On Thu, Aug 13, 2020 at 9:43 AM <jkonecny(a)redhat.com> wrote:
On Thu, 2020-08-13 at 09:22 -0400, Stephen John Smoogen wrote:
> On Thu, 13 Aug 2020 at 08:58, Fabio Valentini <decathorpe(a)gmail.com>
> wrote:
> > On Thu, Aug 13, 2020 at 2:16 PM <jkonecny(a)redhat.com> wrote:
> > > Hello everyone,
> > >
> > > Anaconda team has decided to deprecate use of Anaconda kernel
> > > boot
> > > parameters without 'inst.' prefix. As you may already know you
> > > can
> > > specify Anaconda kernel boot parameters both with and without
> > > 'inst.'
> > > prefix (e.g. 'inst.repo=' or 'repo='). This deprecation
means
> > > that when
> > > you use Anaconda option without the 'inst.' prefix you will now
> > > get a
> > > warning. We are *not* disabling parameters without a prefix yet.
> > >
> > > The reason for this is keep running into parameter conflicts with
> > > other
> > > projects. As an example there is 'debug' parameter for both
> > > kernel and
> > > us, so when you want to enable kernel debugging in installation
> > > environment you will also enable Anaconda debug mode.
> > >
> > > Because of this I have created the following pull request for
> > > Anaconda:
> > >
> > >
https://github.com/rhinstaller/anaconda/pull/2786
> > >
> > >
> > > In case you have any objections please start discussion either on
> > > the
> > > pull request or here.
> > >
> > >
> > > Best regards,
> > > Jirka
> >
> > This may be a stupid question, but why are parameter namespaced
> > with
> > "inst." and not with "anaconda."? Is this a historical
artifact?
> > "inst" is a pretty generic term as well, and "anaconda"
would
> > definitely not lead to parameter overloading on the kernel cmdline.
> >
>
> I think inst was meant to be universal so that debian etc could use
> it. However I will say if I have to type 20 anaconda.<item>=<flag> on
> a serial terminal like I have to for the inst.<item>=<flag> I will
> quickly be looking for any other installer to use. I regularly end up
> with enough redraw problems because the line went over whatever SOL
> or
> the HTML-console thinks a line should be and clearing the entire line
> so I can't see what I am typing.
I wasn't in the team when the decision to use `inst.` was made.
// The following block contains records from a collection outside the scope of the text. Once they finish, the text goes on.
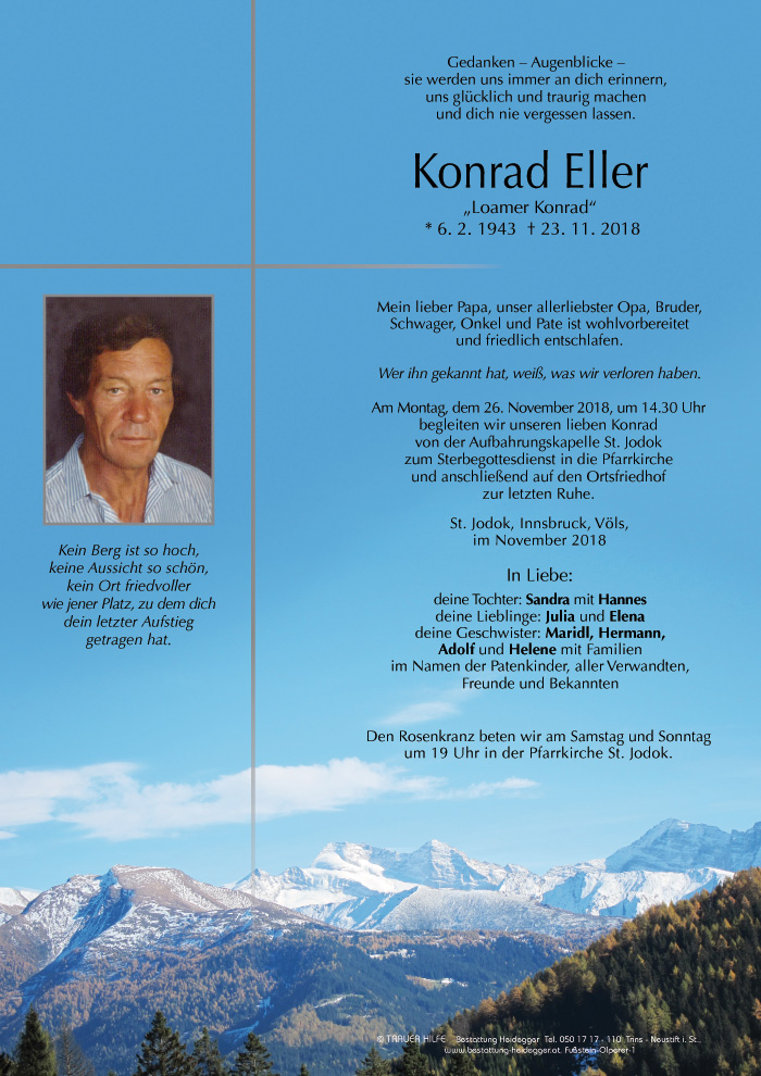 Friedhof St. Jodok, † 23.11.2018 (75 Jahre)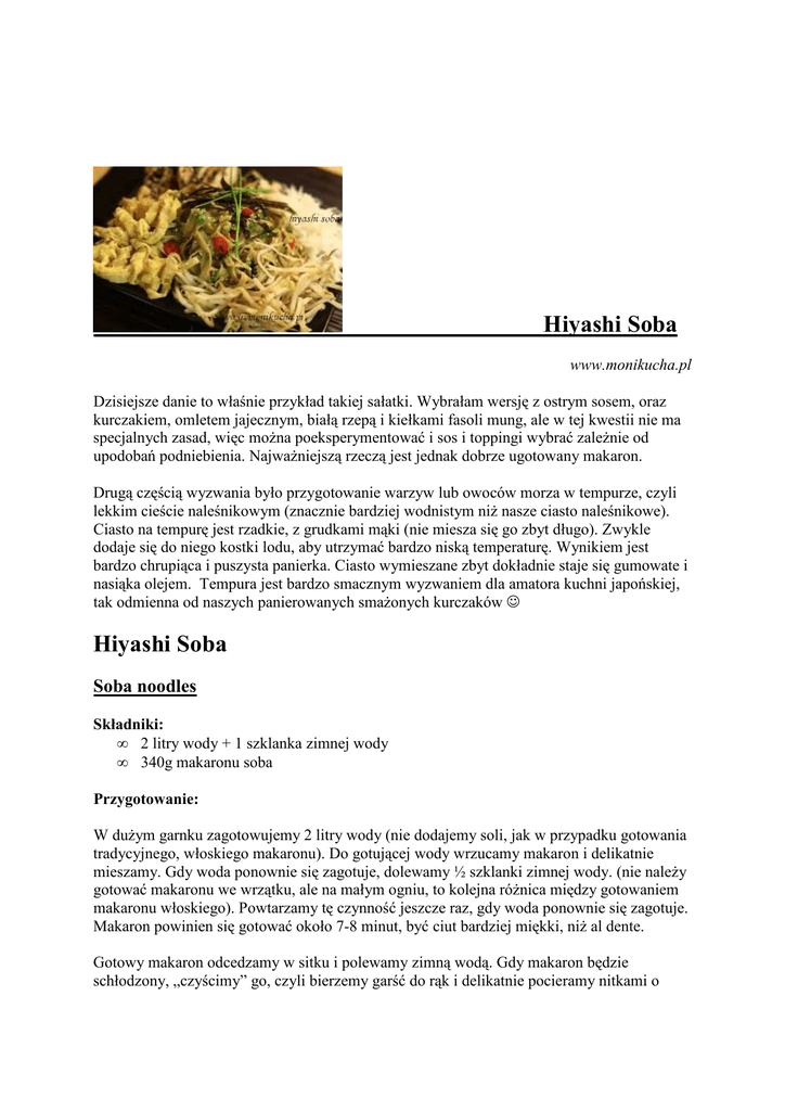 Hiyashi Soba www.monikucha.pl Dzisiejsze danie to właśnie przykład takiej sałatki. Wybrałam wersję z ostrym sosem, oraz kurczakiem, omletem jajecznym, białą rzepą i kiełkami fasoli mung, ale w tej kwestii nie ma specjalnych zasad, więc można poeksperymentować i sos i toppingi wybrać zależnie od upodobań podniebienia. Najważniejszą rzeczą jest jednak dobrze ugotowany makaron. Drugą częścią wyzwania było przygotowanie warzyw lub owoców morza w tempurze, czyli lekkim cieście naleśnikowym (znacznie bardziej wodnistym niż nasze ciasto naleśnikowe). Ciasto na tempurę jest rzadkie, z grudkami mąki (nie miesza się go zbyt długo). Zwykle dodaje się do niego kostki lodu, aby utrzymać bardzo niską temperaturę. Wynikiem jest bardzo chrupiąca i puszysta panierka. Ciasto wymieszane zbyt dokładnie staje się gumowate i nasiąka olejem. Tempura jest bardzo smacznym wyzwaniem dla amatora kuchni japońskiej, tak odmienna od naszych panierowanych smażonych kurczaków ☺ Hiyashi Soba Soba noodles Składniki: • 2 litry wody + 1 szklanka zimnej wody • 340g makaronu soba Przygotowanie: W dużym garnku zagotowujemy 2 litry wody (nie dodajemy soli, jak w przypadku gotowania tradycyjnego, włoskiego makaronu). Do gotującej wody wrzucamy makaron i delikatnie mieszamy. Gdy woda ponownie się zagotuje, dolewamy ½ szklanki zimnej wody. (nie należy gotować makaronu we wrzątku, ale na małym ogniu, to kolejna różnica między gotowaniem makaronu włoskiego). Powtarzamy tę czynność jeszcze raz, gdy woda ponownie się zagotuje. Makaron powinien się gotować około 7-8 minut, być ciut bardziej miękki, niż al dente. Gotowy makaron odcedzamy w sitku i polewamy zimną wodą. Gdy makaron będzie schłodzony, „czyścimy” go, czyli bierzemy garść do rąk i delikatnie pocieramy nitkami o siebie pod bieżącą wodą, aż woda będzie czysta. Ma to na celu pozbycie się resztek skrobi i ma istotne znaczenie przy przygotowaniu sałatki. Opłukany makaron przykrywamy wilgotnym ręcznikiem i odstawiamy. Tradycyjny ostry sos: Składniki : • ¾ szklanki drobno pokrojonego szczypioru z dymki • 3 łyżki sosu sojowego • 2 łyżki octu ryżowego • ½ łyżeczki cukru • ¼ łyżeczki sproszkowanej gorczycy • 1 łyżka oleju z winogron • 1 łyżka oleju sezamowego • 1/3 łyżeczki soli i pieprzu • ½ łyżeczki nasion sezamu • ¼ łyżeczki sproszkowanych nasion chili Przygotowanie: Wszystkie składniki dobrze ze sobą mieszamy, dodajemy 2 łyżki wody i mieszamy ponownie. Gotowe. Popularne składniki sałatki: • omlet jajeczny (przepis poniżej) • biała rzepa, drobno starta • ugotowane kiełki fasoli mung • nori, drobno pokrojone w paseczki • wasabi • szynka • ugotowana pierś kurczaka • ogórek • pomidor Tradycyjna zimna sałatka z makaronem soba jest podawana na bambusowych tackach, możemy je jednak zastąpić talerzem, lub półmiskiem. Porcje makaronu układamy na tacce i posypujemy nori. Wokół tacki, w małych miseczkach aranżujemy pozostałe składniki. Sos do maczania również rozlewamy do miseczek. Wasabi, białą rzepę i szczypior z dymki układamy w malej miseczce obok sosu. Wybrane przez nas dodatkowe składniki również układamy w miseczkach. Sałatkę jemy, maczając porcje makaronu i wybranego składniki w sosie. Innym sposobem podawania sałatki, jest nałożenie makaronu do miseczki, ułożenie dodatkowych składników na wierzchu i polanie wszystkiego sosem. Wtedy sałatka wygląda podobnie do zupy ☺ Omlet jajeczny Składniki : • 1 jajko • 1 łyżka wody • 1 łyżeczka cukru • 1 łyżeczka skrobi kukurydzianej wymieszanej z 1 łyżką wody • szczypta soli Przygotowanie:: Jajka lekko ubijamy z wodą, dodajemy cukier i sól i ubijamy, aż się rozpuszczą. Dodajemy skrobię kukurydzianą wymieszaną z wodą i znów dokładnie mieszamy. Przecedzamy przez sitko. Rozgrzewamy łyżkę oleju na patelni i smażymy bardzo cieniutkie omlety. Z jednego jajka, na patelni o średnicy 18 cm powinny wyjść 3 omlety. Ostudzone omlety zwijamy i kroimy w cienkie paseczki. Warzywa lub owoce morza w tempurze Tempura Składniki : • 1 duże żółtko • 1 szklanka bardzo zimnej wody (można użyć wody gazowanej) • ½ szklanka mąki • ½ szklanki skrobi kukurydzianej • ½ łyżeczki proszku do pieczenia • olej do smażenia • miska wody z lodem • warzywa i owoce morza, według własnego gustu (muszą być prosto z lodówki) - słodki ziemniak - marchewka - cebula - pieczarki - cukinia - krewetki - kalmary - szczypiorek - nori Sos do maczania: Składniki : • • • • • • • 2 łyżki octu ryżowego 2 łyżki sosu sojowego 1 łyżka oliwy z oliwek 1 łyżka cukru 1 ząbek czosnku, zmiażdżony 2 małe, drobno pokrojone papryczki chili, bez pestek sól, pieprz do smaku Przygotowanie: Wszystkie składniki sosu dokładnie mieszamy i całość wstawiamy do lodówki. Bardzo zimną wodę wlewamy do miseczki, dodajemy lekko ubite żółtko i delikatnie mieszamy, aż się połączą (tradycyjnie mikstura mieszana jest pałeczkami). Dodajemy mąkę, skrobię kukurydzianą i proszek do pieczenia i znowu mieszamy, aż składniki się połączą. Ciasto powinno być dość płynne, lejącę się (zdecydowanie rzadsze, niż na naleśniki) i może być lekko grudkowate. Tak przygotowane ciasto wkładamy na 20 minut do lodówki i w tym czasie przygotowujemy warzywa. Ziemniaki obieramy ze skórki i kroimy w krążki o grubości ½ cm. Cukinię i cebulę bez obierania również kroimy w ½ cm krążki. Skórkę z cebuli zdejmujemy dopiero z gotowych krążków, dzięki czemu nie rozpadną się one w trakcie krojenia. Pieczarki kroimy w ½ cm paseczki. Marchewkę obieramy ze skórki i kroimy w drobne paseczki o długości 10cm. Szczypiorek kroimy na kawałki o długości 10cm Nori kroimy nożyczkami w drobne paseczki o długości 10cm. Owoce morza dokładnie płuczemy i osuszamy ręcznikiem. Z krewetek zdejmujemy ogonk
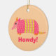 Cute and colorful armadillo on the customizable ornament. Says "Howdy!" but you can change it to your message or delete the text for an image only.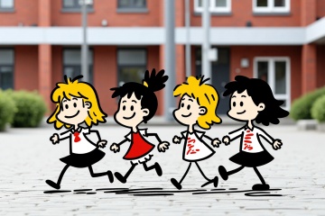 beijihui,A group of cartoon girls are running on the street. The background displays real photos of the school,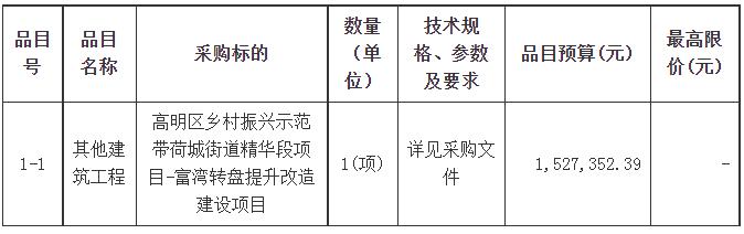 概述:高明区乡村振兴示范带荷城街道精华段项目-富湾转盘提升改造建设项目采购项目的潜在供应商应在广东省政府采购网https://gdgpo.czt.gd.gov.cn/获取采购文件......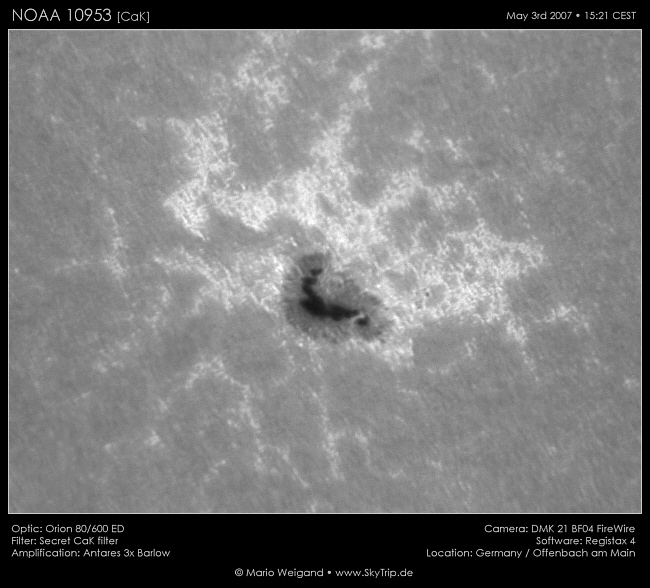 : Hier nochmal NOAA 10953 etwas näher rangeholt mit einer 3x Barlow. Mehr Vergrößerung war leider nicht drin, wegen des Seeings. Es sind übrigends die ersten Aufnahmen mit meinem umgebauten Kalziumfilter.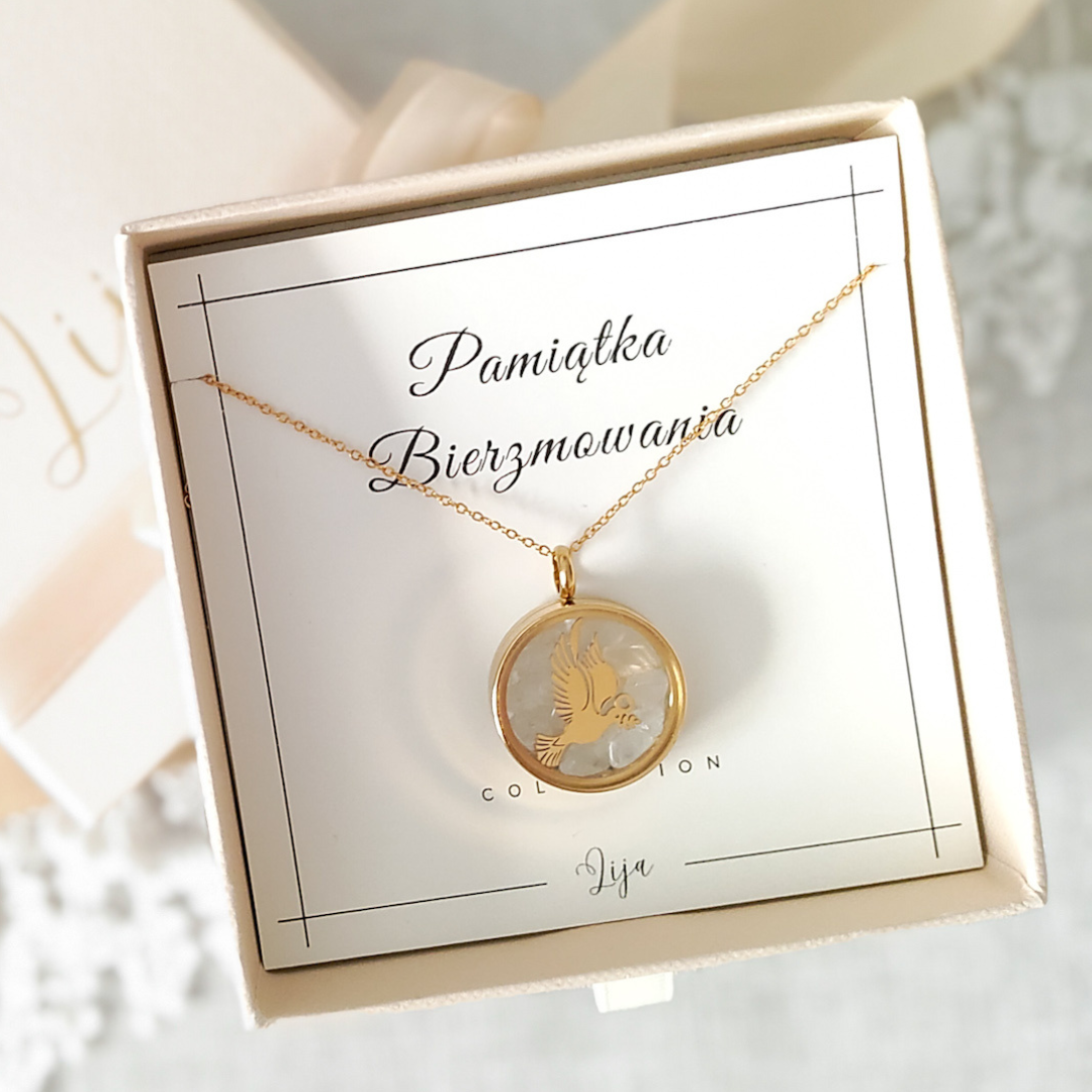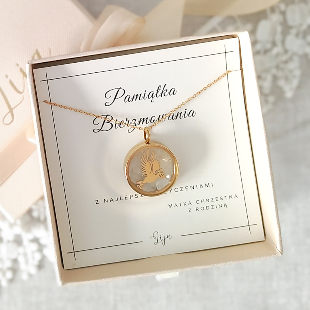 Sekretniki Lija to wyjątkowy prezent na Bierzmowanie – elegancka, symboliczna biżuteria, która może towarzyszyć każdego dnia. Kolekcja z gołąbkiem, zaprojektowana specjalnie na tę ważną uroczystość, łączy subtelność, duchowe znaczenie oraz naturalne piękno kamieni, tworząc pamiątkę o ponadczasowym charakterze.

However, I agree with Stephen that it's just shorter and some people
have to write this a lot and lot of times. Also, it could be used for
multiple installers if they want to.
It was intended to be a standard interface. And I'm pretty sure these
flags were created at around the same time that Anaconda was being
ported to Debian and having a generic prefix meant that
debian-installer could implement it. I don't know if d-i today
actually *does* have these, but I'm pretty sure that was the reason.
Though the cross-installer compatibility idea inspired the creation of
kickseed[1] for Debian and Ubuntu years later, too..
[1]:
https://launchpad.net/kickseed
--
真実はいつも一つ!/ Always, there's only one truth!